▶ Problem to work on
From the first line to the last, copy the listing exactly and omit the pictures.

▶ Material provided
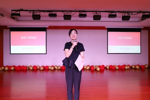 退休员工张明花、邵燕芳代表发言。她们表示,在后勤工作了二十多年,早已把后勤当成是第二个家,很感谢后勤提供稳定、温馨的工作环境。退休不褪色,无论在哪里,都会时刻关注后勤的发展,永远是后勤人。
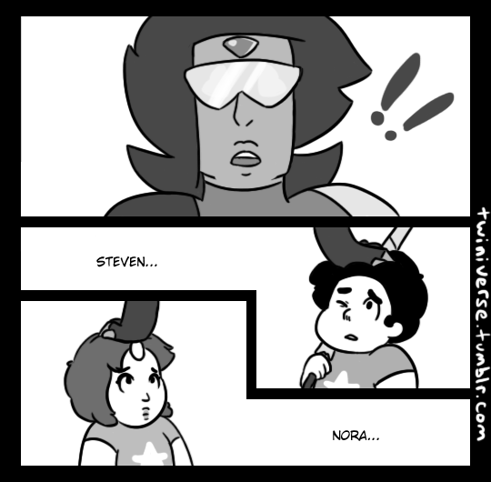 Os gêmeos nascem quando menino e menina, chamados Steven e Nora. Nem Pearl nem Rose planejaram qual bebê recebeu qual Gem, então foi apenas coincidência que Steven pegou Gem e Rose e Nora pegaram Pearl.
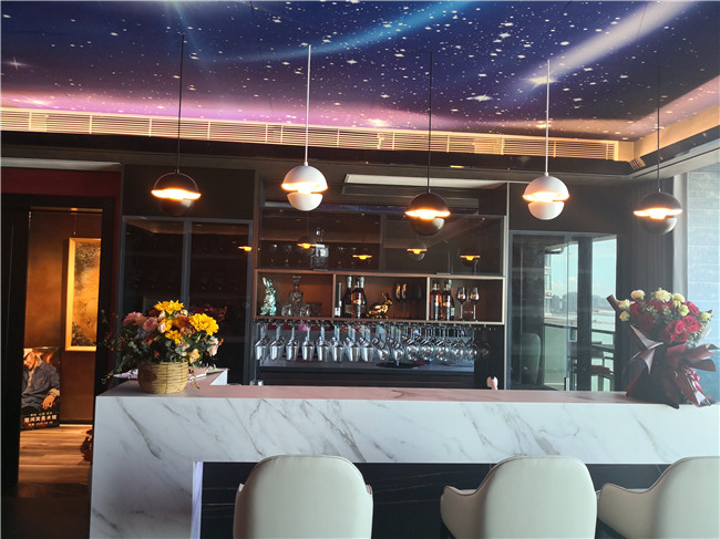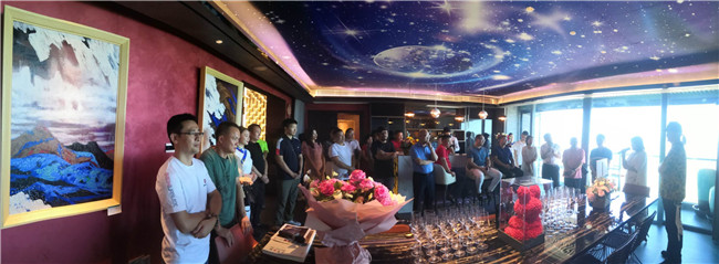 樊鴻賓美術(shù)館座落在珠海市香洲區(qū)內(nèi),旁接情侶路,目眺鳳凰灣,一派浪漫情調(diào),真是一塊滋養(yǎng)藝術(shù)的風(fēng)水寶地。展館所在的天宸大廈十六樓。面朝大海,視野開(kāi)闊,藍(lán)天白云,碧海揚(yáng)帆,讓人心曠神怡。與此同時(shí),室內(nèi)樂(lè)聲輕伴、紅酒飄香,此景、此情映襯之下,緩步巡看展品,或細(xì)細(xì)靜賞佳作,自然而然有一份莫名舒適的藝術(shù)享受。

▶ Response to this task
 退休员工张明花、邵燕芳代表发言。她们表示,在后勤工作了二十多年,早已把后勤当成是第二个家,很感谢后勤提供稳定、温馨的工作环境。退休不褪色,无论在哪里,都会时刻关注后勤的发展,永远是后勤人。
 Os gêmeos nascem quando menino e menina, chamados Steven e Nora. Nem Pearl nem Rose planejaram qual bebê recebeu qual Gem, então foi apenas coincidência que Steven pegou Gem e Rose e Nora pegaram Pearl.
 樊鴻賓美術(shù)館座落在珠海市香洲區(qū)內(nèi),旁接情侶路,目眺鳳凰灣,一派浪漫情調(diào),真是一塊滋養(yǎng)藝術(shù)的風(fēng)水寶地。展館所在的天宸大廈十六樓。面朝大海,視野開(kāi)闊,藍(lán)天白云,碧海揚(yáng)帆,讓人心曠神怡。與此同時(shí),室內(nèi)樂(lè)聲輕伴、紅酒飄香,此景、此情映襯之下,緩步巡看展品,或細(xì)細(xì)靜賞佳作,自然而然有一份莫名舒適的藝術(shù)享受。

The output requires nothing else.